The now-infamous memo featured a crystal-clear photo of the mnemonic phrase on a piece of paper, right next to the hardware wallet itself—a masterclass in "what not to do" for anyone who has ever heard the words "not your keys." In response, the NTS is now drafting a formal framework to outsource this whole "security" thing to a private custodian, hoping to have one signed up by mid-2026. Their checklist reportedly includes boring-but-important adult stuff like security audits, company size, and whether the firm carries insurance under South Korea's Virtual Asset User Protection Act, because apparently self-insuring with hope wasn't cutting it.
A brand-new task force has been assembled to steer this procurement process, because nothing says "we're serious now" like a committee. Its job is to polish up operational manuals for the entire seized-asset life-cycle—from grabbing the crypto, to storing it somewhere other than a photographed notepad, to finally selling it—and to handle assessments and staff training. The agency also plans to create a dedicated crypto division, finally centralizing duties that were previously scattered more chaotically than seed phrases in a press office.
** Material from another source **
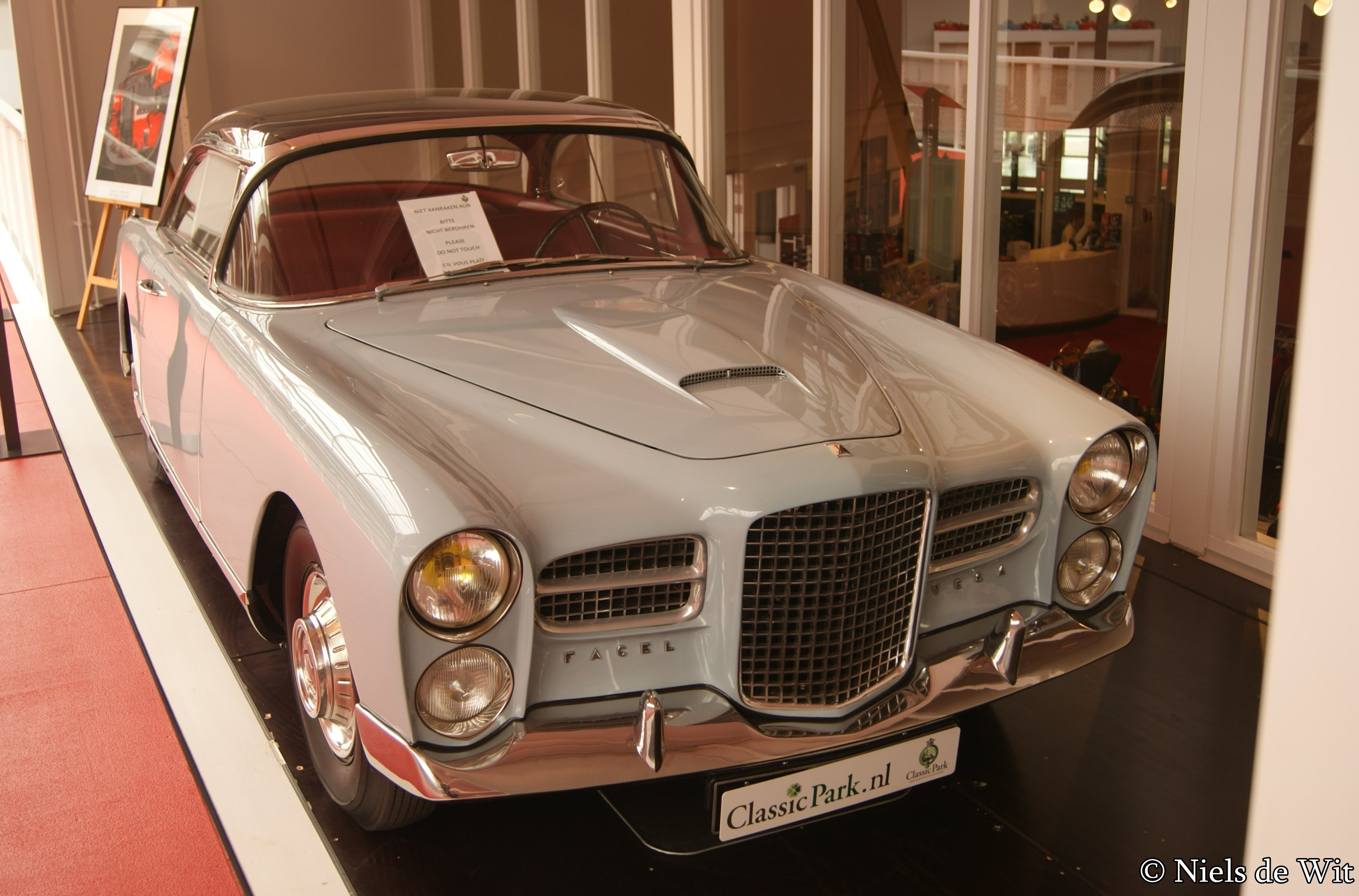 Classic Park Boxtel Only 92 made

This seed-phrase photo-op wasn't a solo act of incompetence. Seoul's Gangnam police, in a move that would make any degen blush, reportedly managed to lose 22 BTC seized in a separate case, triggering a wider cross-agency review. On March 1, Deputy Prime Minister and Finance Minister Koo Yun-cheol announced an inter-agency probe into the government's handling of confiscated digital assets, because when one branch loses the key and another loses the whole wallet, it's time for a company-wide meeting.
Taken together, these moves signal a clear, if belated, shift for South Korea. The government is transitioning from an ad-hoc, "hold my beer" approach to confiscated crypto towards a more formal, insured custody regime, because their growing stash of seized digital assets clearly needs a real guardian, not just a guy with a camera phone.